» **Description of the task**: Each line from the one with "Учащиеся Державинской школы" through the last line below must be written out exactly. Do not copy pictures.

▼

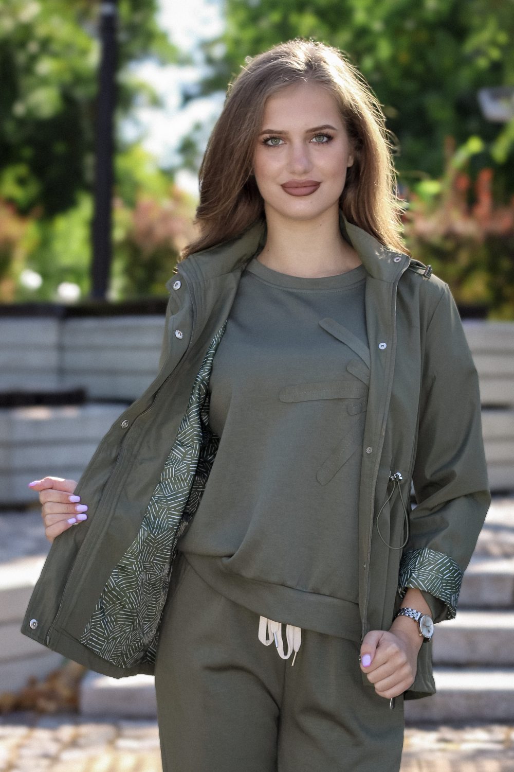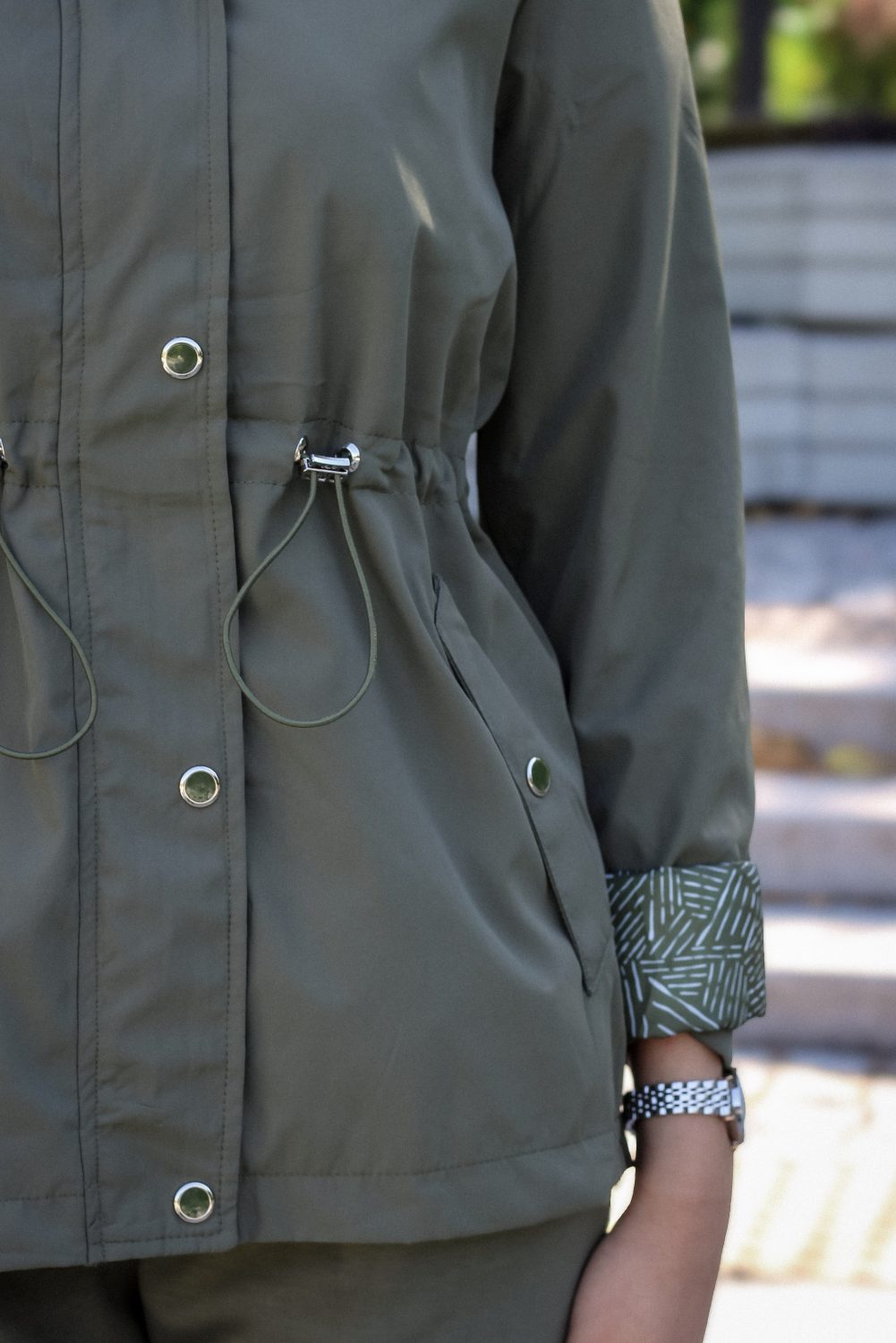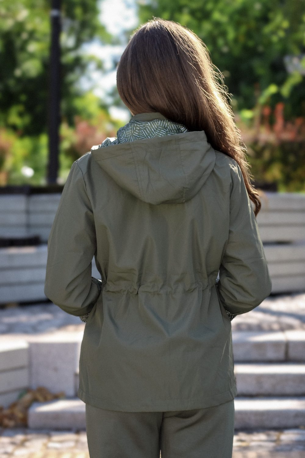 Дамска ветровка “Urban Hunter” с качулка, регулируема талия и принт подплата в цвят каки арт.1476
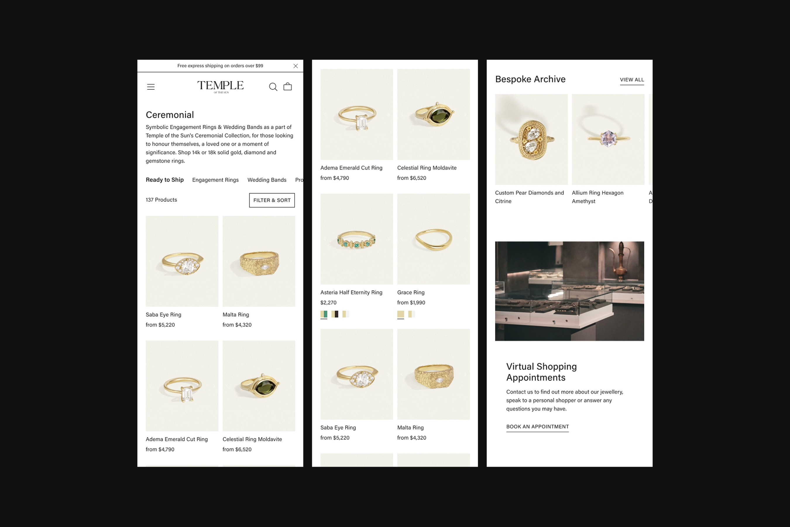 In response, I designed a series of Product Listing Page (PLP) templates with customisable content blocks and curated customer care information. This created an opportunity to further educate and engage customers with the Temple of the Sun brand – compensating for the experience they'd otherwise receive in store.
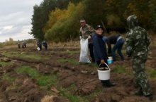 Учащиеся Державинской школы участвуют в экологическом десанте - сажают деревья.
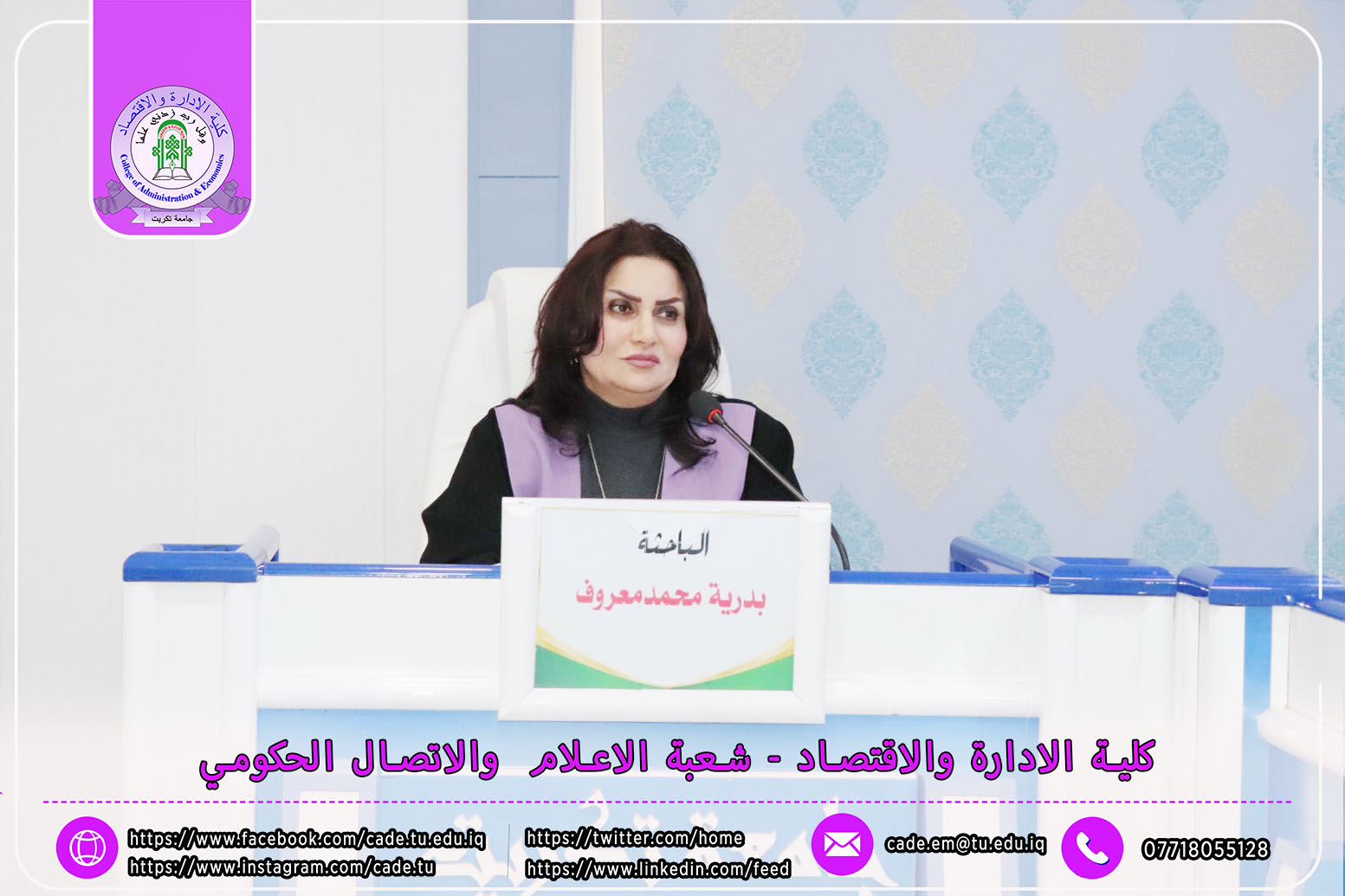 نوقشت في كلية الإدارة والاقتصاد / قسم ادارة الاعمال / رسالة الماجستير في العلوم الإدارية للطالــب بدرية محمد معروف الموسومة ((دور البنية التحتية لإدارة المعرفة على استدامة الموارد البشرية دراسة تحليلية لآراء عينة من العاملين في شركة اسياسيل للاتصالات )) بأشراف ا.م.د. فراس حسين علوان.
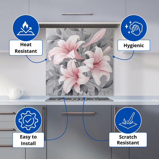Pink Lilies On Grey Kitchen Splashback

▲

» **Exercise answer**:
 Учащиеся Державинской школы участвуют в экологическом десанте - сажают деревья.
 نوقشت في كلية الإدارة والاقتصاد / قسم ادارة الاعمال / رسالة الماجستير في العلوم الإدارية للطالــب بدرية محمد معروف الموسومة ((دور البنية التحتية لإدارة المعرفة على استدامة الموارد البشرية دراسة تحليلية لآراء عينة من العاملين في شركة اسياسيل للاتصالات )) بأشراف ا.م.د. فراس حسين علوان.
Pink Lilies On Grey Kitchen Splashback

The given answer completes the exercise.